# Generate Podcast Synopsis for Various Genres

In [1]:
%load_ext autoreload
%autoreload 2

from IPython.core.interactiveshell import InteractiveShell
InteractiveShell.ast_node_interactivity = "all"

## Set Up Azure OpenAI

In [2]:
import os
import openai

# Set up Azure OpenAI
openai.api_type = "azure"
openai.api_base = 'https://azure-openai-test21.openai.azure.com/'
openai.api_version = "2023-03-15-preview"
openai.api_key = 'd1869cee351446e2bc6b6ffef2207576'


## Deploy a Model

In [3]:
# id of desired_model
desired_model = 'gpt-35-turbo' # suitable for text generation
desired_capability = 'completion'

# list models deployed with
deployment_id = None
result = openai.Deployment.list()

for deployment in result.data:
    if deployment["status"] != "succeeded":
        continue
    
    model = openai.Model.retrieve(deployment["model"])

    # check if desired_model is deployed, and if it has 'completion' capability
    if model["id"] == desired_model and model['capabilities'][desired_capability]:
        deployment_id = deployment["id"]
        
# if no model deployed, deploy one
if not deployment_id:
    print('No deployment with status: succeeded found.')

    # Deploy the model
    print(f'Creating a new deployment with model: {desired_model}')
    result = openai.Deployment.create(model=desired_model, scale_settings={"scale_type":"standard"})
    deployment_id = result["id"]
    print(f'Successfully created {desired_model} that supports text {desired_capability} with id: {deployment_id}.')
else:
    print(f'Found a succeeded deployment of "{desired_model}" that supports text {desired_capability} with id: {deployment_id}.')
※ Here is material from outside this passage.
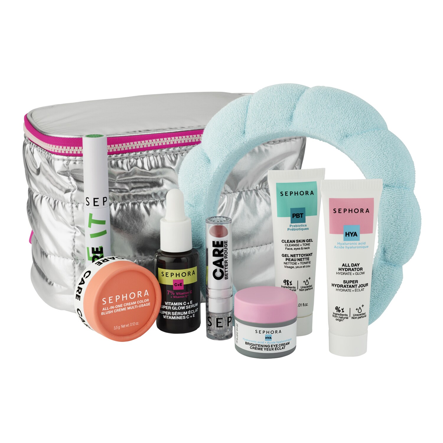 Για τους beauty addicts(1): αυτό είναι το σετ δώρου με προϊόντα ομορφιάς που δεν πρέπει να χάσετε φέτος. Περιέχει 8 προϊόντα SEPHORA COLLECTION για να χαρίσετε ή να μοιραστείτε, όλα με + 90 % συστατικά φυσικής προέλευσης. Μεταξύ περιποίησης δέρματος και μακιγιάζ, είναι η ιδανική επιλογή για να προετοιμαστείτε για τις γιορτές ή να (ξανα)ανακαλύψετε τα προϊόντα της μάρκας. Περιλαμβάνει επίσης ένα αξεσουάρ για να συνοδεύει όλες τις στιγμές selfcare(2): μια αξιολάτρευτη κορδέλα μαλλιών πετσετέ.Ιδέα για δώρο ομορφιάς: ένα νεσεσέρ σε περιορισμένη έκδοση

Found a succeeded deployment of "gpt-35-turbo" that supports text completion with id: gpt-35-turbo.


## Text chunks generator

In [4]:
# A generator that split a text into smaller chunks of size n, preferably ending at the end of a sentence
def chunk_generator(text, n, tokenizer):
    tokens = tokenizer.encode(text)
    i = 0
    while i < len(tokens):
        # Find the nearest end of sentence within a range of 0.5 * n and 1.5 * n tokens
        j = min(i + int(1.5 * n), len(tokens))
        while j > i + int(0.5 * n):
            # Decode the tokens and check for full stop or newline
            chunk = tokenizer.decode(tokens[i:j])
            if chunk.endswith(".") or chunk.endswith("\n"):
                break
            j -= 1
        # If no end of sentence found, use n tokens as the chunk size
        if j == i + int(0.5 * n):
            j = min(i + n, len(tokens))
        yield tokens[i:j]
        i = j


## Request API

In [5]:
def request_api(document, prompt_postfix, max_tokens):
    prompt = prompt_postfix.replace('<document>',document)
    #print(f'>>> prompt : {prompt}')

    response = openai.Completion.create(  
    deployment_id=deployment_id, 
    prompt=prompt,
    temperature=0.5,
    max_tokens=max_tokens,
    top_p=1,
    frequency_penalty=1,
    presence_penalty=1,
    stop='###')

    return response['choices'][0]['text']

## Generate Synopsis

In [6]:
def get_synopsis(content, prompt_postfix):
    import tiktoken

    synopsis_chunck = []
    n = 2000 # max tokens for chuncking
    max_tokens = 1000 # max tokens for response

    tokenizer = tiktoken.get_encoding('p50k_base')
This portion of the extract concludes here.